Rum (or Rhum in some literature) is a diamond shaped island which lies off the west coast of Scotland and covers an area of about 10,700 hectares. It measures only about 13 kilometres between its extreme points. The highest point is the summit of Askival at 812 metres above sea level.
The earliest evidence of inhabitation on Rum dates from the Middle Stone Age or Mesolithic period some 9,000 years ago. This is only about 1,000 years after the ice from the last ice age retreated from this area. The settlement, which was close to Kinloch, was probably not permanent as these people are thought to have been nomadic hunter gatherers. There is some evidence of New Stone Age (Neolithic) farmers dating from about 3,000 BC and both Bronze Age and Iron Age inhabitants. Early Christian artifacts from the 7th or 8th centuries have been found and the island would have been under Norse rule from around 800 AD to 1156 when Somerled of Argyll took control of Rum and the other southern islands. It came under Scottish control in 1266 when the Treaty of Perth formally ceded the Hebrides to the Scottish crown.
Rum eventually became the property of the Macleans of Coll who retained control until 1845. It was then sold to the second Marquis of Salisbury for £26,455 and he transformed it into a classic Victorian highland estate. He was particularly interested in using the island for sport and re-introduced deer (which had become extinct by the end of the 18th century). Deer are now common on Rum and walkers have a good chance of a close sighting. The Marquis also built the stone pier at Kinloch which was the point of arrival until the new deep water facility was commissioned in 2001. The island was passed on to Salisbury’s eldest son, Viscount Cranborne, and on his death passed to his younger brother the third Marquis of Salisbury.

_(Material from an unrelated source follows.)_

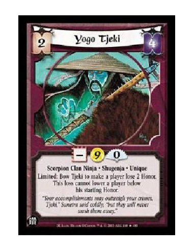 Dragon Clan • Samurai • Duelist • Justicar • Magistrate • Loyal • Scourge of the ScorpionLimited: Bow Fujimura and target a dishonorable Personality: Fujimura exposes his crimes. His controller loses 2 Honor.
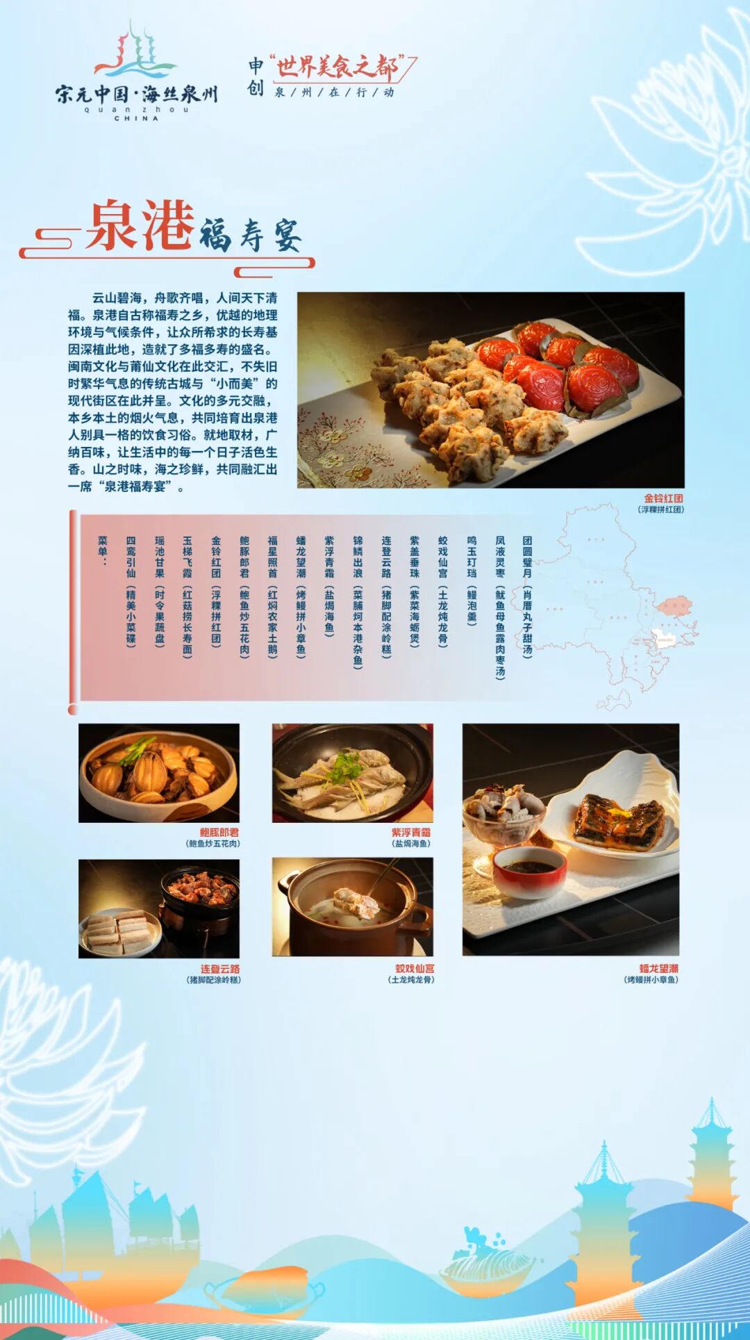 泉港自古称福寿之乡。文化的多元交融,本乡本土的烟火气息,共同融汇出一席“泉港福寿宴”。

In 1870 Rum was sold to Farquhar Campbell and it is thought that he built the “White House”. This was originally a shooting lodge but is now the home of the Reserve manager and forms the SNH office on the island. From 1879 the shooting rights were leased to John Bullough, a textile machinery manufacturer from Lancashire. On the death of Farquhar Campbell the island passed to his cousin James Hunter Campbell. He placed it on the market in 1886 and it was purchased by John Bullough in 1888 for £35,000. John died in 1891 at the early age of 53 leaving the island to his elder son George together with half his business which amounted to around £500,000.
The whole of the island has been run as a National Nature reserve since 1957 and forms part of the UNESCO Man and Biosphere (MAB) programme.